Keywords

Introduction

Before using a laser, fundamental understanding of this technical device is mandatory. Lasers interact with tissue, no matter whether it is soft tissue or stones. The absorption process acts like a sponge for light. Laser wavelength determines the penetration depths, and the power used the degree of tissue damage. Once the incidence beam hits the targeted tissue parts of it is reflected from the surface and parts are transmitted through the tissue. In addition to that, some energy is lost when scattering internally. These effects determine the biological effect: high absorption leads to better performance, with a cw laser results in a clear cut, and with a pulsed laser in good lithotripsy. At the same time they bear the risk of collateral damage in themselves. At some steps of a procedure, “bad” absorption is desired. The beneficial side effect would be better coagulation. One can reach this goal by either defocusing of the laser beam or shorter wavelength.

Lasers are mainly applied in two fields of endourology: stones and prostates.

Stones

For disintegration of stones pulsed lasers are used. The question arises, how much power such a laser should have. The total power (measured in Watt) is not as important as the question how this power is achieved. Power is the product of Energy (Joule) and Frequency (Hertz).

There are two ways to break stones: fragmentation or dusting. To fragment a stone high energy and low frequency are used. In opposite, for dusting low energy and high frequency are used. It is advisable to start with 8 W. In consequence of the abovementioned, those 8 W could have a setting of 4 J and 2 Hz for fragmenting or 2 J and 4 Hz for dusting.

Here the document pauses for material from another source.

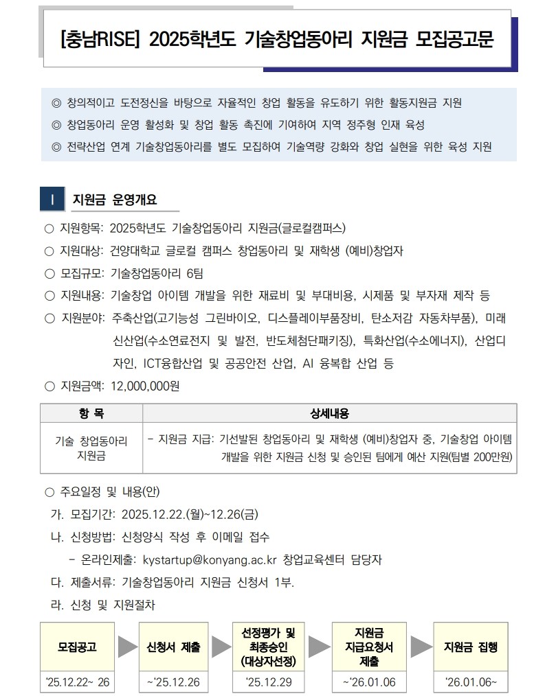 | 제목 | [충남RISE] 2025학년도 기술창업동아리 지원금 모집공고 | ||||

In addition to that, pulse duration and breaks between pulses play a role in the efficiency of disintegration. Wezel et al. found that reduction of the pulse length from 700 to 350 μs resulted in a higher stone disintegration (Fig. 48.1) [1, 5].

Figure 48.1
figure 1

Manifold settings for pulsed lasers at the same power

Prostates

Various lasers are used for the treatment of benign prostate enlargement (BPE). This is an interesting development, because lasers in this field have been discredited for many years after its uncritical use without knowledge of laser physics during the 1980s. Emission mode (cw or pulsed), wavelength and power used distinguish lasers from each other. To judge the quality of a laser for the treatment of BPE one has to check for the parameters immediate effect, clean cut, hemostasis, suitable for large glands (Fig. 48.2).

Figure 48.2
figure 2

Various parameters of laser effects

Lasers can either be used for vaporization or as a tool to remove pieces of the prostate. This can be done either by resecting or by enucleating the gland.

From a physical standpoint vaporization in BPE treatment is a so-called “vaporization”. During vaporization the tissue is converted into steam, but only as deep as the penetration depth of the laser is. The underlying tissue remains untouched. Pure vaporization can be used for small prostates. The advantage is that this procedure is easy to learn, but the anatomical structures cannot be recognized, so that vaporization is often incomplete. In addition, pure vaporization is very time consuming with far less than 1 g/min of tissue removed and no histology available (Table 48.1).

Table 48.1 Optical penetration depth varies from laser to laser

To overcome this problem high Watt lasers have been introduced – with a higher risk of side effects such as capsular perforation or even scattered energy outside the prostate. Vaporization can be done with any laser, but is most typical for greenlight lasers.

The best long-term results are available for Holmium-YAG-lasers [4]. Since the 1990s, many studies published. Holmium lasers have been used for ablation, for a short time for resection, and since many years for transurethral enucleation. Its outcome demonstrated good urodynamical and symptom score results. It has been proven to be durable over many years. The drawback of holmium laser enucleation is a long learning curve due to difficult visibility as a consequence of the pulsed mode.

Thulium lasers followed Holmium lasers with a delay of 10 years [2]. The surgical procedure is identical, even so performed in a continuous wave mode, which helps to overcome the difficult visibility during Holmium procedures and consequently leads to a shorter learning curve. Large series with good outcome of all measured parameters are published.

Greenlight lasers have been promoted very aggressively [3]. A 2 year follow up of a multicenter randomized noninferiority trial comparing GreenLight-XPS laser vaporization of the prostate and transurethral resection of the prostate for the treatment of BPE has been published recently, and it showed an intermediate effectiveness and safety of GLP-XLS being similar to conventional TURP.

Conclusions

  • For stones there is no doubt that Holmium lasers have stood the test of time. Most stones will be fragmented with a 10 W laser. In referral centers with many and hard stones a 20 W laser might be an interesting option.

  • For prostates all three lasers have their role: Holmium in institutions where only one laser is affordable and few residents are trained; Thulium in an opposite situation, and Greenlight in high-risk patients with smaller glands.